The desired implementation must be configured by setting to one of the values below:
fs.hboss.sync.impl
The null implementation just provides no-op methods instead of actual locking operations. This functions as an easy way to verify that a test case has successfully reproduced a problem that is hidden by the other implementations.
Primarily intended to help with development and validation, but could possibly work for a standalone instance of HBase. This implementation uses Java's built-in ReentrantReadWriteLock.
This implementation is intended for production use once it is stable. It uses Apache Curator's implementation of read / write locks on Apache ZooKeeper. It could share a ZooKeeper ensemble with the HBase cluster.
At a minimum, you must configure the ZooKeeper connection string (including root znode):
fs.hboss.sync.zk.connectionString
You may also want to configure:
fs.hboss.sync.zk.sleep.base.ms (default 1000) fs.hboss.sync.zk.sleep.max.retries (default 3)
An implementation based on Amazon‘s DynamoDB lock library was considered but was not completed due to the lack of an efficient way to traverse the tree and discover locks on child nodes.
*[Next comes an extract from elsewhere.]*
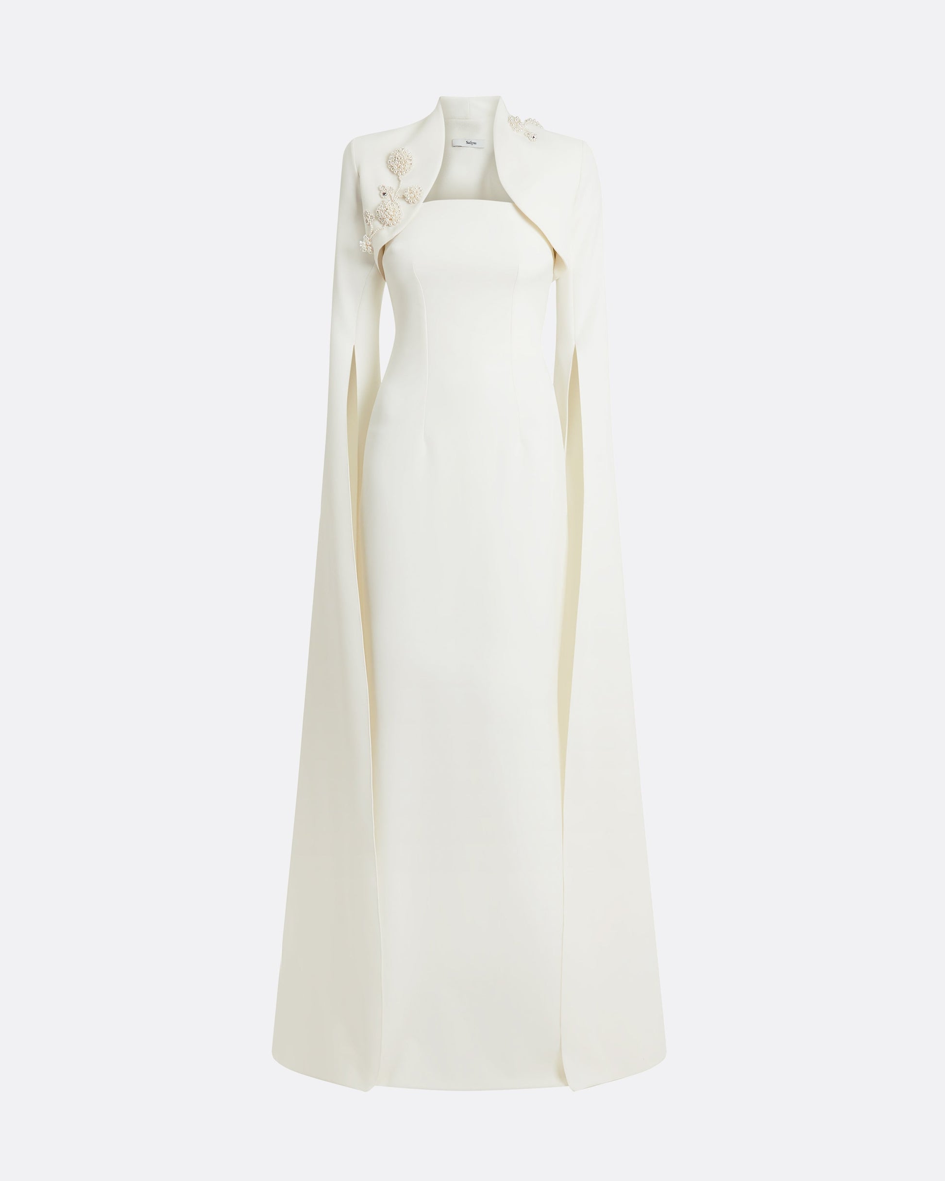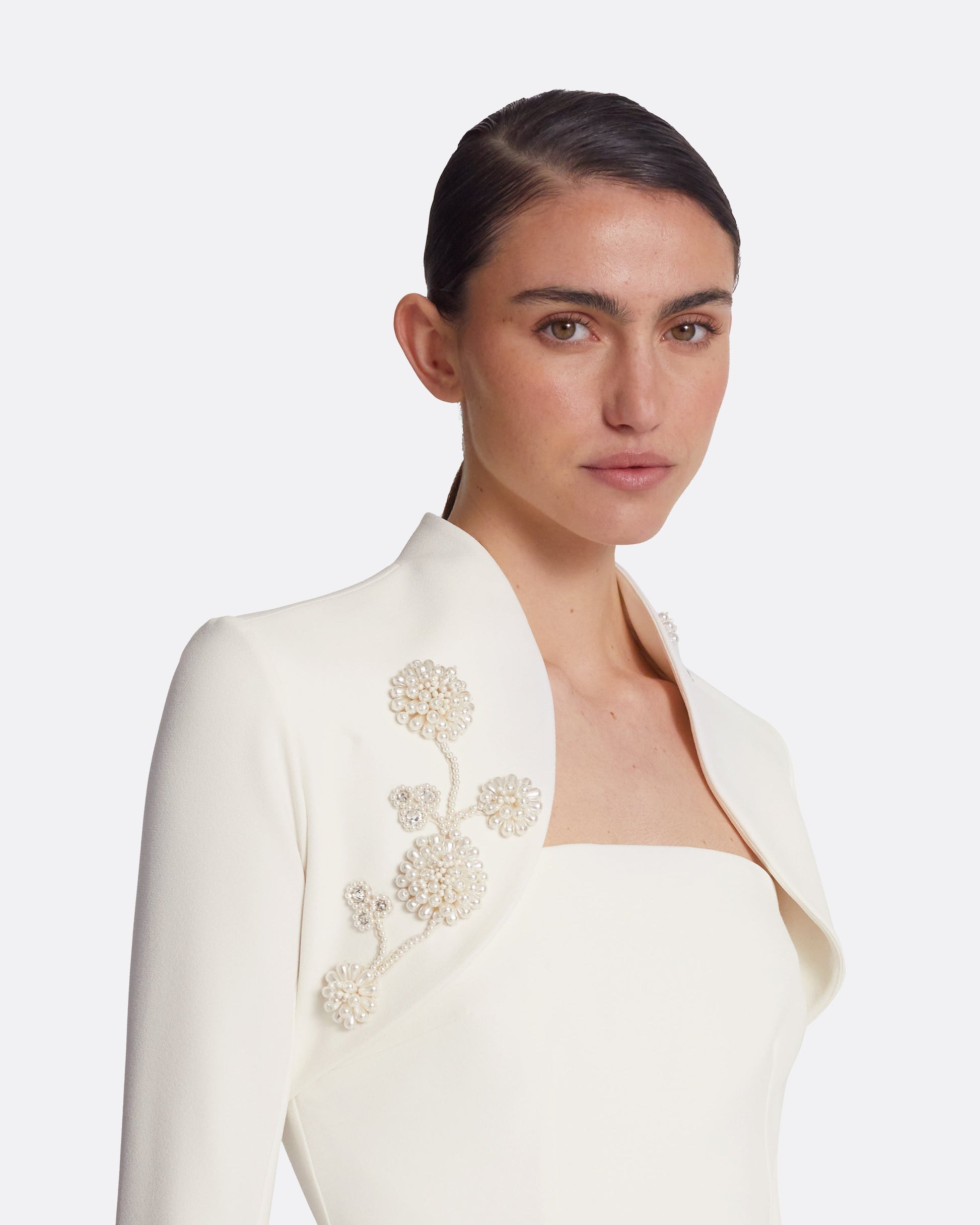 Raised collar bolero with floor length sleeves and separate bustier long dress, in ivory Heavy Crepe with pearl Carnation embroidery.

The benefit is that S3Guard is required for s3a use and as such there’s a dependency on DynamoDB anyway.
Currently HBOSS is primarily designed for and exclusively tested with Hadoop's s3a client against Amazon S3. S3Guard must be enabled, which is available in Hadoop 2.9.0, 3.0.0, and higher.
Both the use of S3Guard and Zookeeper for locking (i.e. Zookeeper) have implications for other clients that are not configured to share the same metadata store and Zookeeper ensemble. Ideally, all clients should be have the same configuration in these respects. Read-only clients may not share these resources with the HBase processes, but they will not have the added safety provided by these features. Clients that do not share these resources and modify data can compromise the correctness of HBase.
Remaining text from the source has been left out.